Season Opening Gala (Melbourne Symphony Orchestra) ★★★★
The Melbourne Symphony Orchestra’s 2019 Season Opening Gala last night was billed as part of their curated ‘East Meets West’ experience, and featured violinist Lü Siqing, with whom the orchestra toured China in 2018. It opened with a short welcoming address from MSO Board Chairman Michael Ullmer, which gave way to an awkward video exhorting the capacity audience to donate to the MSO, disconcertingly accompanied by recorded music, in the presence of the silent orchestra.

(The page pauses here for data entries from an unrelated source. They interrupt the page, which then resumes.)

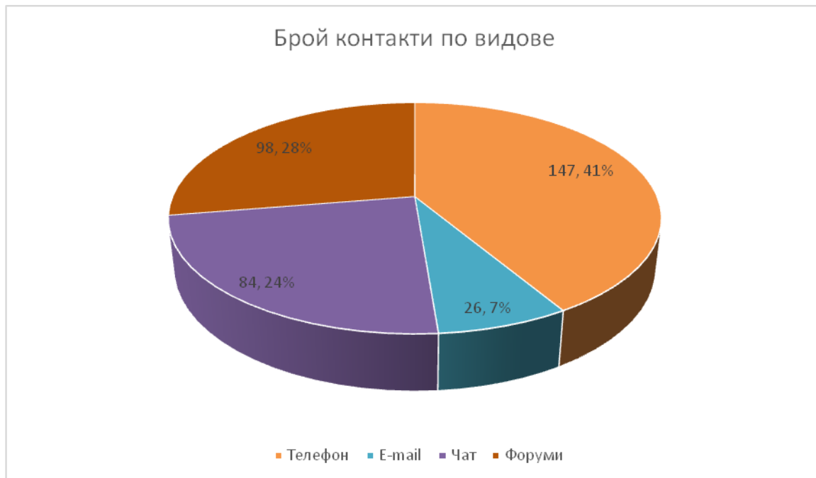
Графика 1 . Контактите, осъществени в двата форума, не фигурират в останалите таблици и статистика, освен в таблицата за „Брой контакти по видове”.
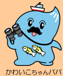
かわいこちゃんパパ

なお、いずれも募集人数を超える場合は、抽選とさせていただきます。 抽選結果は、当選・落選いずれも応募締切より10日程度でお知らせする予定です。 複数行事へのご応募は可能ですが、1行事につき、はがき1枚でお申し込み下さい。
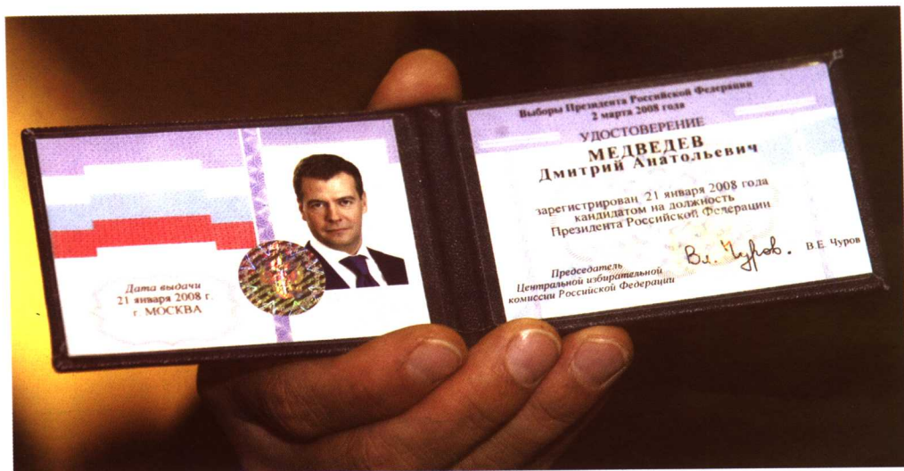
梅德韦杰夫的总统候选人身份证明（2008年1月21日）
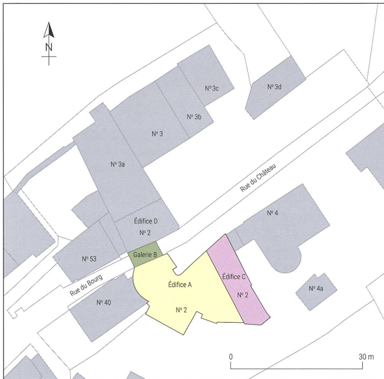
Fig. 3 Plan du bâtiment d'origine (A), de son annexe (B), de son extension à l'est (C) et de son bâtiment mitoyen (D)

4 On constate cependant sur la façade nord que le crépi extérieur se prolongeait derrière le bouchon d'une fenêtre de la façade orientale. L'encadrement vraisemblablement asymétrique de cette fenêtre pourrait aussi aller dans le sens d'une fusion préalable de deux bâtiments pour n'en former qu'un seul.
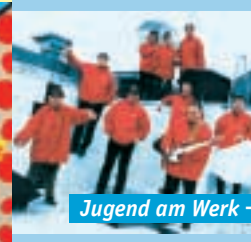
Jugend am Werk – „Origo“

Mit Spaß und Freude am Musizieren wird das kreativ-schöpferische Potenzial der Bandmitglieder in Liedern verarbeitet und mit ebenso viel Engagement aufgeführt.
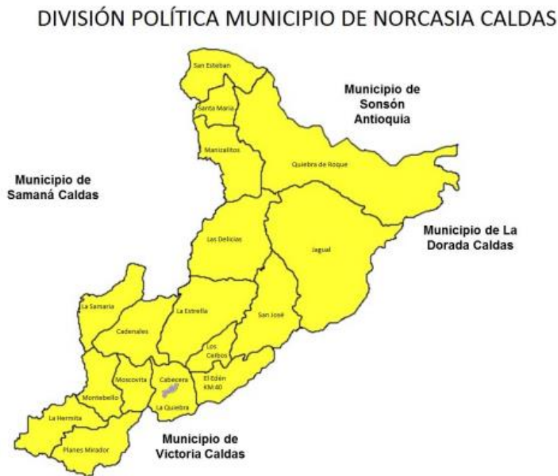
figura 6 División política de las veredas del municipio de Norcasia

aunque no está completamente tecnificada hoy. Hay extensas áreas de pastoreo disponibles para llevar a cabo esta actividad. Por otro lado, el sector industrial en el municipio es limitado, mayormente constituido por la ebanistería y la mecánica automotriz.
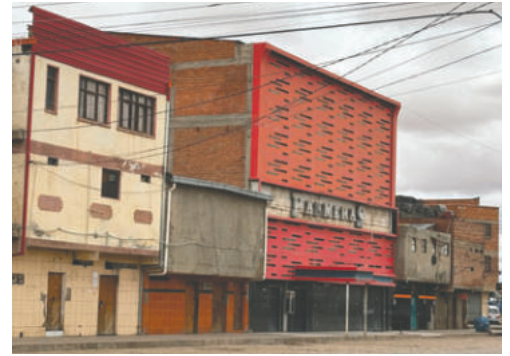
Proyecto de ley de traslado de casas de tolerancia genera tensión en Oruro

El sector identificado para la reubicación está en intermediaciones de la urbaniza-
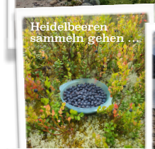
Heidelbeeren sammeln gehen ...

In Norwegen gilt das Jedermannsrecht, das den freien Nutzen der Natur erlaubt. Es ist also unter anderem überall erlaubt wild zu Campen und ein Lagerfeuer zu zünden. Zusätzlich ist die Infrastruktur (öffentliche Toiletten, etc.) sehr gut angelegt und mit einem Auto ist man frei und hat überall eine Bleibe für die Nacht.
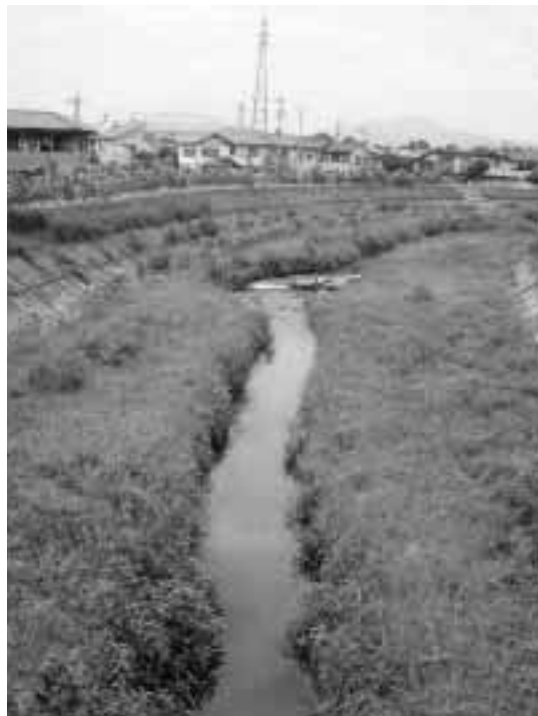
きれいな河川を守ろう (赤城白川)

浄化槽設置工事費と住宅用太陽光発電システム設置費を補助します。補助金を受けるには、工事着工前に申請し、交付決定を受けることが必要。必ず事前に環境課へ問い合わせてください。 なお、申し込みは先着順で受け付け、予算額に達した時点で受け付けを終了します。 □浄化槽設置費の一部補助 下水道などの整備予定がない地域(一部下水道認可区域含む)で、一般住宅や店舗併用住宅(居住用部分が二分の一以上)に浄化槽を設置しようとする個人に補助を行います。 対象 〓 来年3月31日(月)までに工事を完了し実績報告書を提出できる人 補助金額 〓 五 人槽 〓 十五万円以内 〓 六・七人槽 〓 二十万円以内 〓 八〓 十人槽 〓 二十五万円以内 〓 既存単独処理浄化槽などからの転換加算 〓 三十万円以内 申し込み 〓 12月21日(金)までに環境課へ直接 助 □太陽光発電設置費の一部補助 住宅用太陽光発電システムを設置する個人に補助を行います。 対象 〓 来年3月31日(月)までに工事を完了し、電力会社と受給契約を締結して実績報告書を提出できる人 補助金額 〓 一〇〇万円以内 〓 一〇〇万円以内) 申し込み 〓 12月21日(金)までに環境課へ直接 〇: 問い合わせは同課 ☎ 890-6292へ。
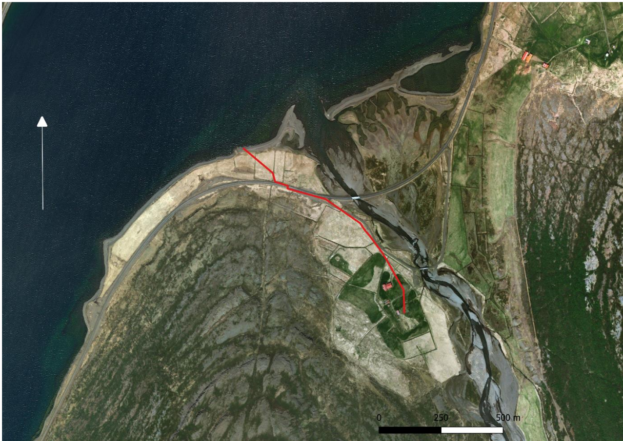
Mynd 3. Loftmynd sem sýnir legu strengsins frá túninu við Múla og að mastri. Loftmynd. Bing
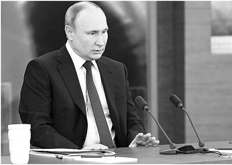
Начало темы в субботнем номере от 19 декабря на 1-й стр.
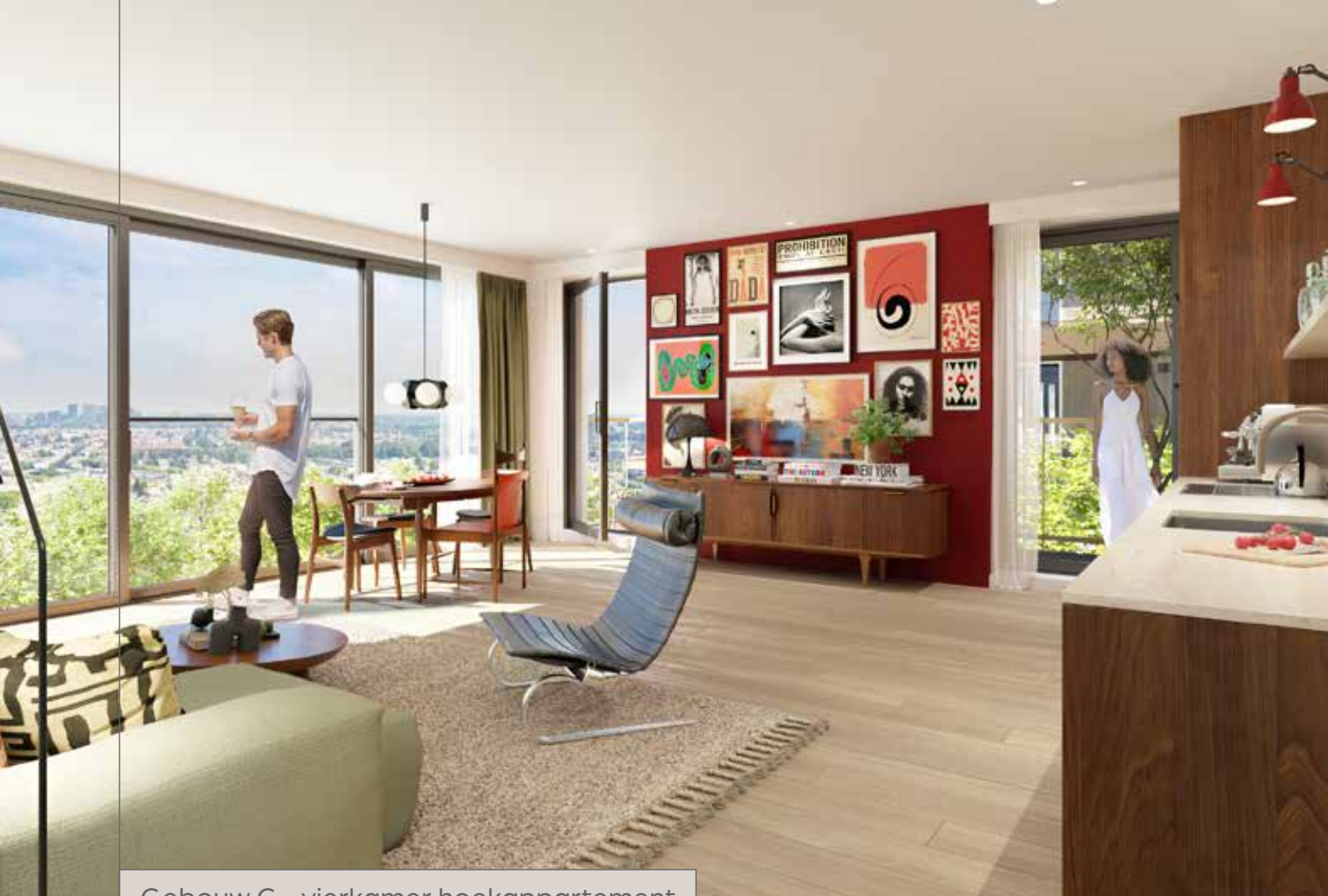
Gebouw C – vierkamer hoekappartement

Dit hoekappartement heeft een XL-size! Het is ruim genoeg voor drie slaapkamers. De woonkamer ligt op het zuiden. Je hebt veel daglicht in de woonkamer en je kunt al vroeg in het voorjaar buiten zitten.

The program that followed reveals that what constitutes East or West depends very much on the perspective of the observer, in its juxtaposition of the music of central Europe with two distinct manifestations of Russianness. Bruch’s Violin Concerto No. 1 formed the concert’s heart, framed by Borodin’s Polovtsian Dances from the opera Prince Igor, complete with the MSO Chorus and Tchaikovsky’s beloved Symphony No. 6, nicknamed the ‘Pathétique’. Borodin and Tchaikovsky often find themselves (somewhat too schematically) placed on opposite sides of a divide between the nationalist composers of the ‘Five’, which included Borodin and Rimsky-Korsakov, and ‘Europeanised’ composers like Tchaikovsky. This internal East–West duality is encapsulated in the contrast between the ‘Asiatic’ orientalism of the Polovtsian Dances, by turns voluptuous (feminine) and barbarous (masculine), and Tchaikovsky’s interpretation of the central genre of the Western art tradition.